BS松竹東急(全番組無料放送・260ch)では『横溝正史・金田一耕助TVドラマシリーズ』と題して、映画界の精鋭が結集した、古谷一行さん主演の“金田一シリーズ”7作品を放送する。本記事では、その中から4月14日(月)夜7時より放送の「犬神家の一族」(1977年放送、全5話)をピックアップし、第1話のあらすじや見どころについて紹介していく。
最高視聴率40%超を記録した古谷一行さん主演の「金田一耕助」シリーズ
今なおさまざまな俳優の主演でドラマ化・映画化される「金田一耕助」シリーズ。本格ミステリーとして、巧妙なトリックや伏線、陰鬱な世界観が魅力となっている。
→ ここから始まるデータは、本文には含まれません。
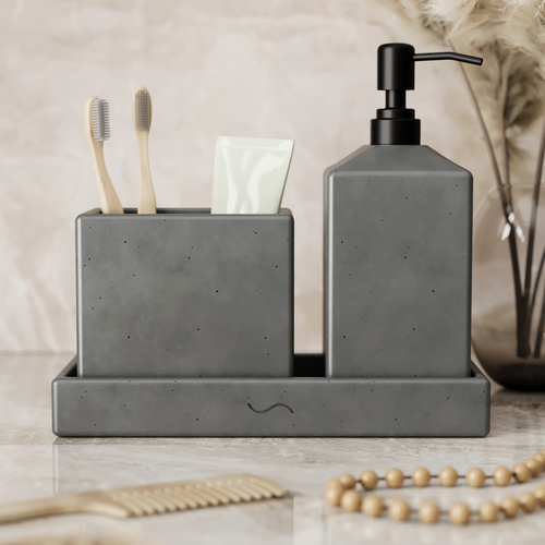 Набор для ванной Emily 11 (дозатор с черной помпой, стакан двойной, поднос S), бетон, графитовый глянцевый: сравнение цен, характеристики, фото, актуальное наличие и цены.

そして、当時お茶の間に“横溝ブーム”を巻き起こし、1970年代後半のテレビシーンを彩った『横溝正史・金田一耕助TVドラマシリーズ』では、「犬神家の一族」をはじめ「本陣殺人事件」や「悪魔の手毬唄」「八ツ墓村」などが放送され、当時最高視聴率40%超をマークするほど人気を博した。
今回紹介する「犬神家の一族」では、信州財界一の巨頭・犬神佐兵衛の遺した莫大な財産と遺言状や、斧・琴・菊の三種の家宝にまつわる殺人事件などをめぐる物語が描かれる。監督は、近年リメイクもされた映画「十三人の刺客」(1963年公開)や「大殺陣」(1964年公開)など、集団時代劇を数多く手がけてきた工藤栄一監督が務めており、京マチ子さん、ハナ肇さん、西村晃さんなどの名俳優も出演している。
「犬神家の一族」第1話あらすじ
信州財界で巨頭と言われ、裸一貫から巨大な犬神財閥を築き上げた犬神佐兵衛が亡くなった。生涯にわたり正妻をめとらなかった佐兵衛の3人の妾の娘たち、長女・犬神松子(京マチ子さん)、次女・竹子(月丘夢路さん)、三女・梅子(小山明子)とその夫、そして孫たちが見守る中、彼女らは佐兵衛の遺言を聞き出そうとする。肝心の遺言状は弁護士の古舘(西村晃さん)が預かっていたが、内容については佐兵衛の意向で、松子の息子・佐清(田村亮)が戦地から復員してから明かされることとなった。
一方、探偵・金田一耕助(古谷一行さん)は、古館の弁護士事務所の若林という男から、“犬神家に容易ならざる事態が起こりそうなので調査して欲しい”という手紙を受けて、犬神邸の近くにある那須湖畔へ向かう。金田一が那須ホテルの窓辺から犬神邸を見ていると、犬神家に住む野々宮珠世が乗っていると思われる車が突然大きな音を上げて事故を起こしてしまう。すぐさま駆け付けた金田一がなんとか珠世を救出したものの、実は珠世は以前から何者かに命を狙われているとのことだった。
その後、金田一がホテルに戻ると、彼を犬神家に呼び寄せた若林が何者かに毒殺されていた。どうやら若林は、犬神家の誰かに買収され遺言状を盗み見た結果、殺されてしまったのだという。
そんな中、戦地から復員した佐清が犬神家に戻ってきて、ついに佐兵衛の遺言状が公開されることになる。しかし佐清本人は戦争の大怪我で顔全体をゴムマスクで覆っており、家族からは“替え玉”を疑われ――。
飄々とした金田一を演じる古谷一行さんに注目
第1話では、金田一が遺産相続を控える資産家・犬神一族と接触するシーンが描かれる。金田一は警察から「頭ぐらい洗っとけよ」「あの風体はどう見ても貧書生」などと揶揄されるほど、まるで路上生活者のような見た目をしている。古谷さんは、金田一のこの飄々としたキャラクターをコミカルな演技で表現。これまで映画やドラマなどで多くの俳優が金田一役を務めてきたが、古谷さんの醸し出す独特な雰囲気や言動は、唯一無二のキャラクター像と言えるだろう。
また本作では、クセの強い犬神家の人々の動向も見どころの一つ。莫大な財を成した佐兵衛が今にも亡くなりそうな際にも、佐兵衛の体調そっちのけで遺言の内容を無理やり聞き出そうとしたり、臨終の際も古舘が読み上げる目録に耳を傾けるのに必死だったり…と、酷薄な印象を受ける。この一族が、今後どのような遺産争いを繰り広げ、そしてどう殺人事件に巻き込まれていくのかに注目だ。